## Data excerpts
—————
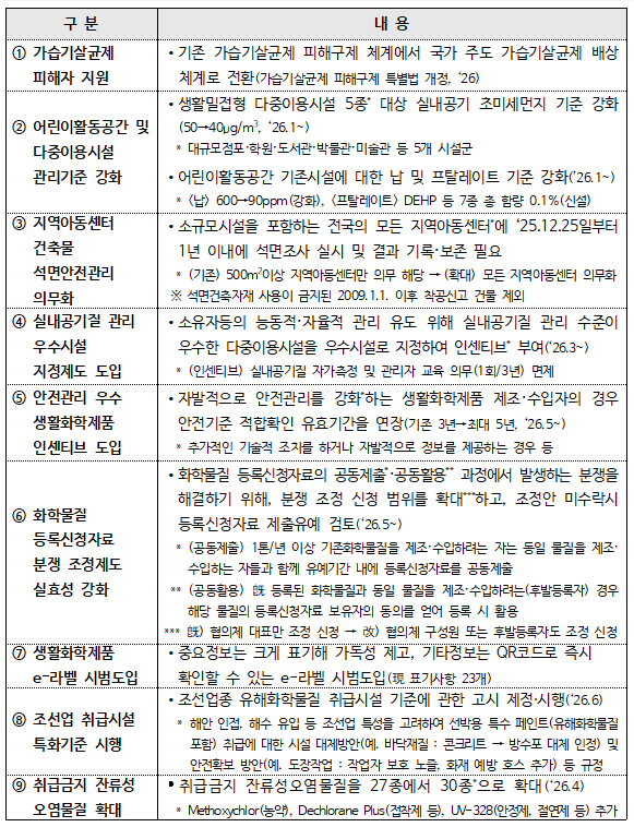 지난해 기후에너지환경부는 가습기살균제 참사피해의 온전한 회복을 위해 국가 주도 배상체계로의 전환방안을 마련( ‘가습기살균제 참사 피해자 종합지원대책’ 확정(제8회 국가정책조정회의, ‘25.12.24) )했고, 인체와 환경 위해성이 높은 고독성 화학물질을 퇴출하기 위해 제한물질 2종을 신규 지정(납화합물(페인트 용도 사용금지), 염화메틸렌(가정용세정제, 페인트제거제 용도 사용금지) )했다.
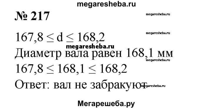 217. В отделе технического контроля (ОТК) завода измеряется диаметр вала с точностью до 0,1 мм. По таблице допусков диаметр d вала должен быть в промежутке 167,8 ≤ d ≤ 168,2. Забракует ли ОТК вал, если в результате измерения его диаметр равен 168,1 мм?
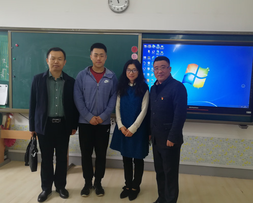 高军老师与实习生代表金雨时、校内指导老师、校长卢大锋合影
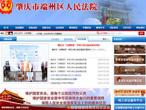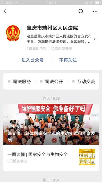在全民国家安全教育周,端州法院充分发挥新媒体优势,通过法院官网、微信公众号、诉讼服务大厅电子显示屏等多种平台,推送国家安全知识,突出宣传公共卫生安全、疫情防控知识、扫黑除恶、企业复工复产等内容,营造浓厚法治宣传氛围。
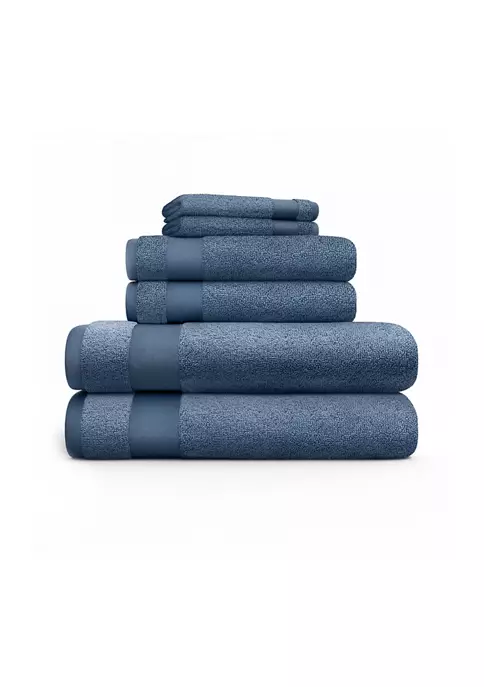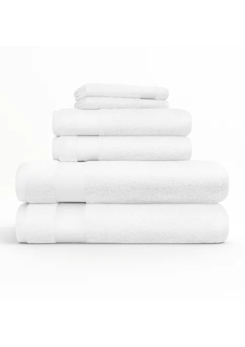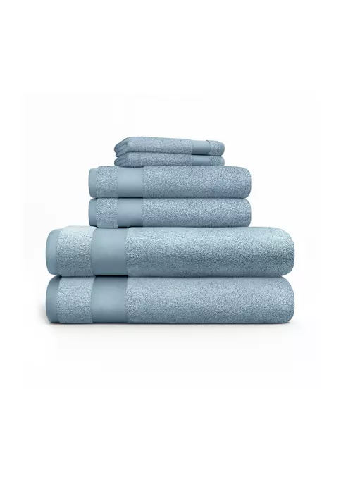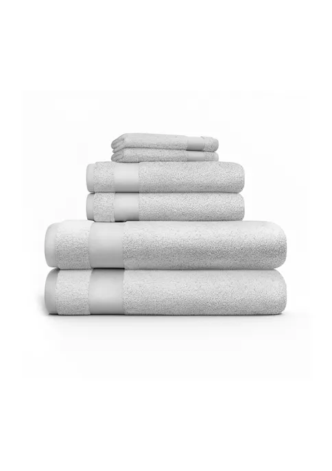 •6 piece set includes 2 bath towels, 2 hand towels, 2 washcloths
—————
In the copy, include every line of the entries above exactly and none of the pictures.

## RESULT BELOW
 지난해 기후에너지환경부는 가습기살균제 참사피해의 온전한 회복을 위해 국가 주도 배상체계로의 전환방안을 마련( ‘가습기살균제 참사 피해자 종합지원대책’ 확정(제8회 국가정책조정회의, ‘25.12.24) )했고, 인체와 환경 위해성이 높은 고독성 화학물질을 퇴출하기 위해 제한물질 2종을 신규 지정(납화합물(페인트 용도 사용금지), 염화메틸렌(가정용세정제, 페인트제거제 용도 사용금지) )했다.
 217. В отделе технического контроля (ОТК) завода измеряется диаметр вала с точностью до 0,1 мм. По таблице допусков диаметр d вала должен быть в промежутке 167,8 ≤ d ≤ 168,2. Забракует ли ОТК вал, если в результате измерения его диаметр равен 168,1 мм?
 高军老师与实习生代表金雨时、校内指导老师、校长卢大锋合影
在全民国家安全教育周,端州法院充分发挥新媒体优势,通过法院官网、微信公众号、诉讼服务大厅电子显示屏等多种平台,推送国家安全知识,突出宣传公共卫生安全、疫情防控知识、扫黑除恶、企业复工复产等内容,营造浓厚法治宣传氛围。
 •6 piece set includes 2 bath towels, 2 hand towels, 2 washcloths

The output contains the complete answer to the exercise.